Open-Source/Free Models
Calling open-source models through platforms like OpenRouter or Together AI is typically much cheaper than closed-source alternatives.
| Model | Params | Input (¥/M) | Output (¥/M) | Context |
|---|---|---|---|---|
| Llama 4 Scout | — | ¥0.75 | ¥2.24 | 10000K |
| Llama 4 Maverick | — | ¥1.16 | ¥3.40 | 1000K |
| Mistral Large 3 | — | ¥2.04 | ¥6.12 | 256K |
| Phi-4 | 14B | ¥0.54 | ¥1.63 | 16K |
Llama 4 Scout supports 10M context — the longest of any open-source model. Running locally is completely free, requiring only hardware costs.
Scenario-Based Recommendations
Daily conversation, simple Q&A → GPT-5.5 Instant (¥5.10/¥20.40) or DeepSeek V4 Flash (¥0.95/¥1.90). Great value, fast response.
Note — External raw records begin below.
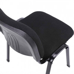 Sillón de oficina modelo Pisa con estructura negra, ajustable en altura y con base giratoria. Respaldo disponible en varios colores: negro, rojo y azul.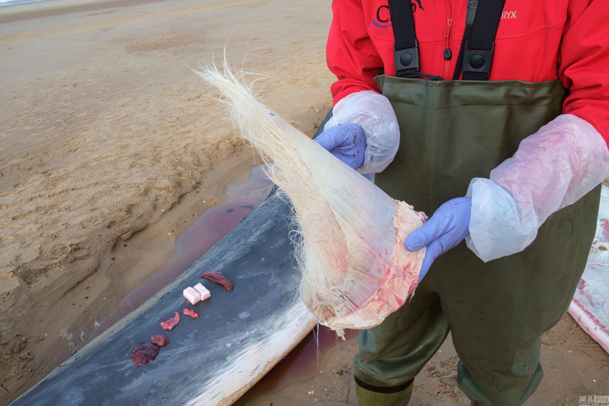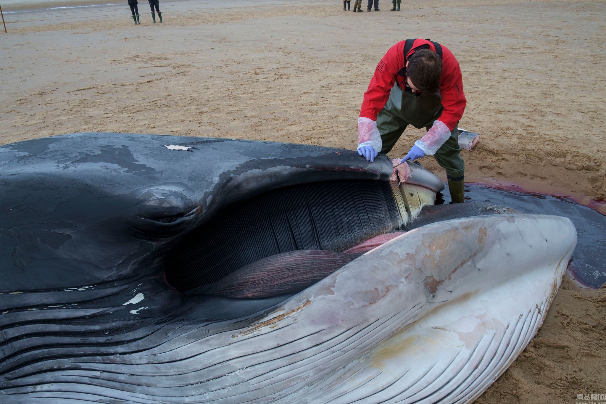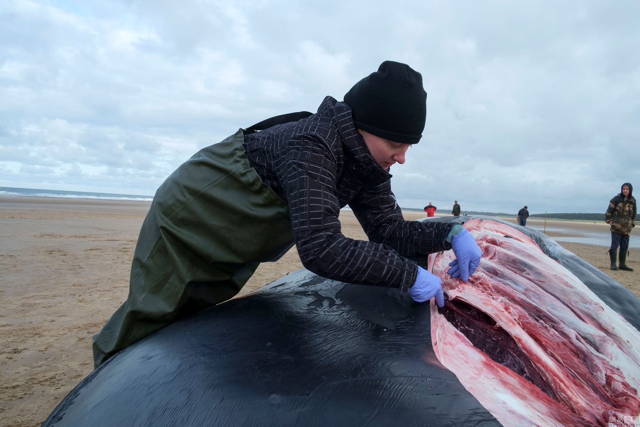 圖為Rob Deaville在解剖鯨魚。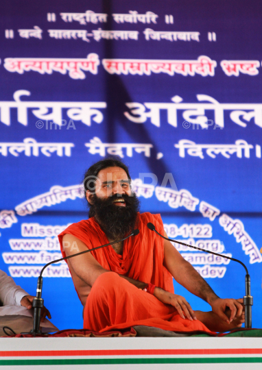 Indian yoga guru Baba Ramdev gestures as he sits during a protest in New Delhi on August 9, 2012. Tens of thousand of supporters from across the country poured into the capital Thursday to pledge their support to Baba Ramdev's anti corruption crusade and demanding the government bring back billions of dollars of illegal money stashed in foreign banks. Photo by Shweta/Indian Photo Agency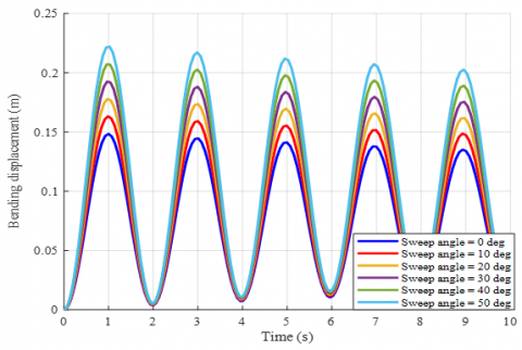 where, CMo, CMα, CMw, CMδ are the pitching moment coefficients, which depend on the same variable as the lift coefficients. The sweep angle (Λ) is the angle between the lateral axis of the wing and a line parallel to the leading-edge. For swept wing, the effective angle of attack (α) decreases by a factor of cos(Λ). This means that the aerodynamic forces driving both the bending and torsional modes are reduced in the coupled equations, this modifies the aerodynamic force terms as [16]:

Complex reasoning, academic analysis → Claude Opus 4.7 (¥34/¥170) or GPT-5.5 (¥34/¥204). Expensive but the best quality.
Coding, code generation → DeepSeek V4 Pro (¥2.96/¥5.92) or MiMo-V2.5 Pro (¥3/¥6). Near-flagship coding ability at 1/10 the price.
Agents, high-frequency calls → DeepSeek V4 Flash (¥0.95/¥1.90) or Step 3.5 Flash (¥0.20/¥0.61). Prices so low they're negligible.
Long document processing (100K+ tokens) → DeepSeek V4 Pro / MiMo-V2.5 Pro (both support 1M context at ¥3/¥6).
Local deployment, data privacy → Ollama + Llama 4 Scout or Qwen3.5 open-source. One-time hardware cost, then free forever.
Notable Trends
Chinese models have a significant price advantage. For comparable output quality, domestic providers typically charge 1/5 to 1/10 of OpenAI/Anthropic. This is driven by lower inference infrastructure costs and fiercer price competition.
Cache-hit pricing is worth paying attention to. MiMo-V2.5 Pro cache hits cost just ¥0.025/M, and DeepSeek offers similar cache discounts. If your application has many repeated queries, smart caching can reduce costs by another order of magnitude.
Million-token context has become standard. In 2024, only a few models supported 128K+. By 2026, most mainstream models support 1M or more. Context length is no longer a bottleneck in model selection.